- _DATA RECORDS_
== Segment start ==

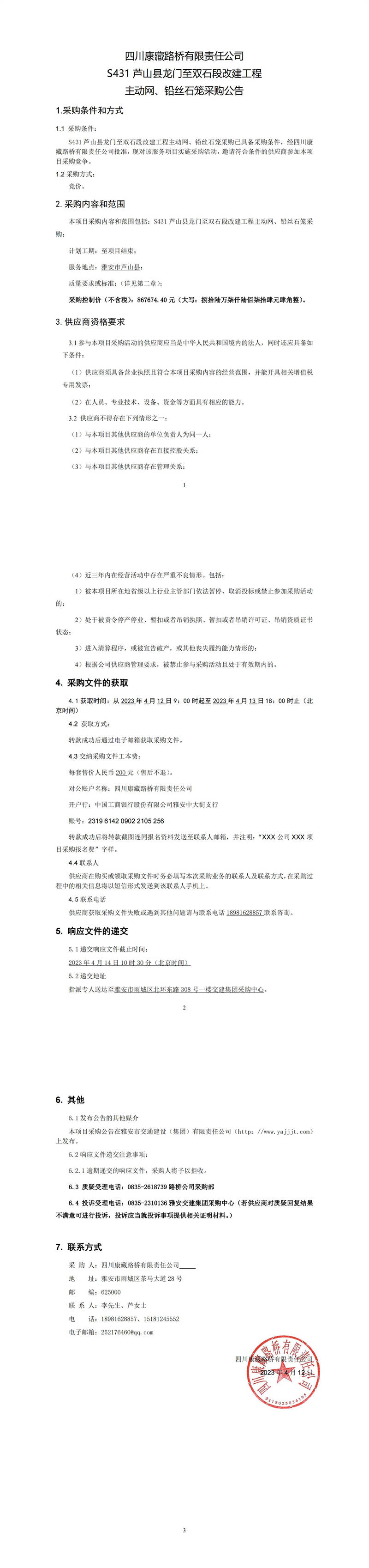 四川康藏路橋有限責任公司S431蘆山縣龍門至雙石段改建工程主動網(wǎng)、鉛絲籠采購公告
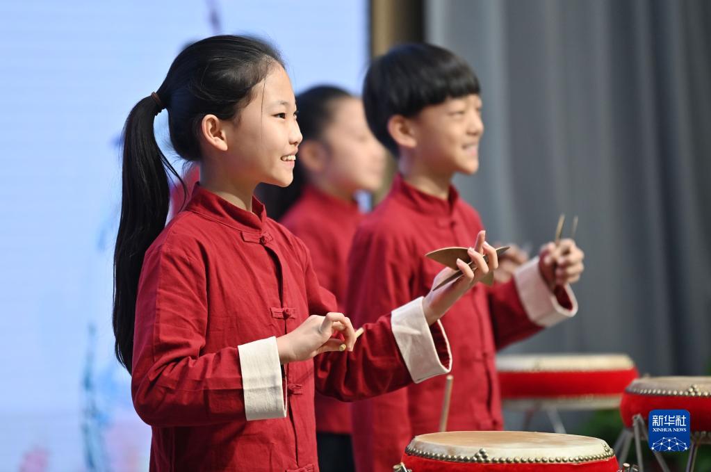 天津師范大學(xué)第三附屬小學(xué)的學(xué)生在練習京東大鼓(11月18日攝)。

== Segment end ==
== Segment start ==

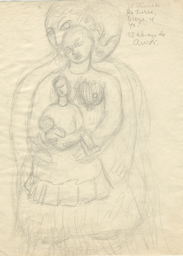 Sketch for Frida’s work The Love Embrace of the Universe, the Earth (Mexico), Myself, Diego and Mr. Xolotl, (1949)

== Segment end ==
== Segment start ==

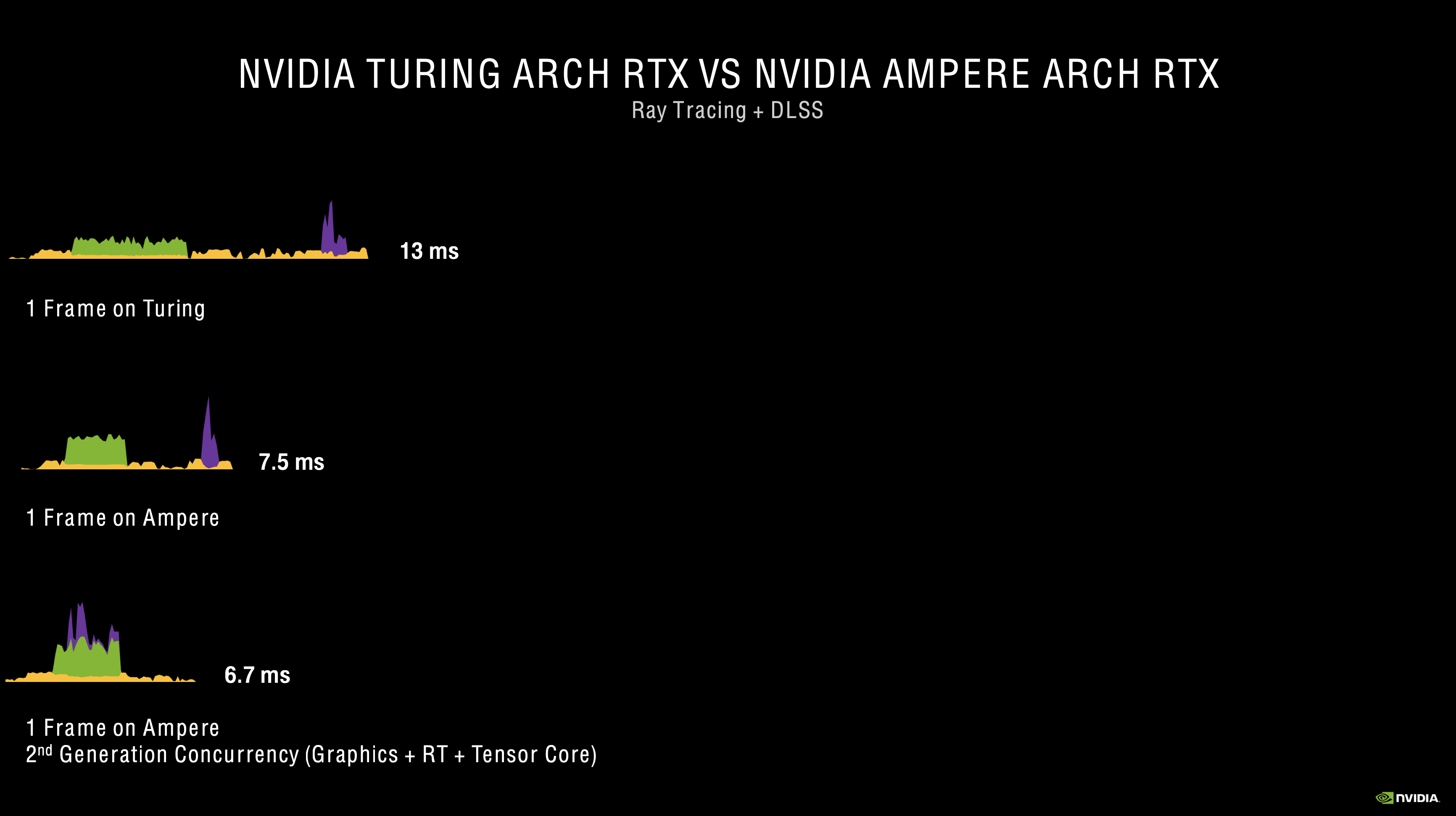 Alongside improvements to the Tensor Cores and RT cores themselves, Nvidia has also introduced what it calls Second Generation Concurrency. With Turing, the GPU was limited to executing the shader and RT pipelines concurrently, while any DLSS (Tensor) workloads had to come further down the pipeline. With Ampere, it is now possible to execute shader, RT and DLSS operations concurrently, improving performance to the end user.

== Segment end ==

- _PROBLEM DESCRIPTION_
Leaving out all pictures, set down exactly the lines of the material above, from the line with "四川康藏路橋有限責任公司S4" to the line with "天津師范大學(xué)第三附" inclusive, and no others.

- _RESPONSE BOX_
 四川康藏路橋有限責任公司S431蘆山縣龍門至雙石段改建工程主動網(wǎng)、鉛絲籠采購公告
 天津師范大學(xué)第三附屬小學(xué)的學(xué)生在練習京東大鼓(11月18日攝)。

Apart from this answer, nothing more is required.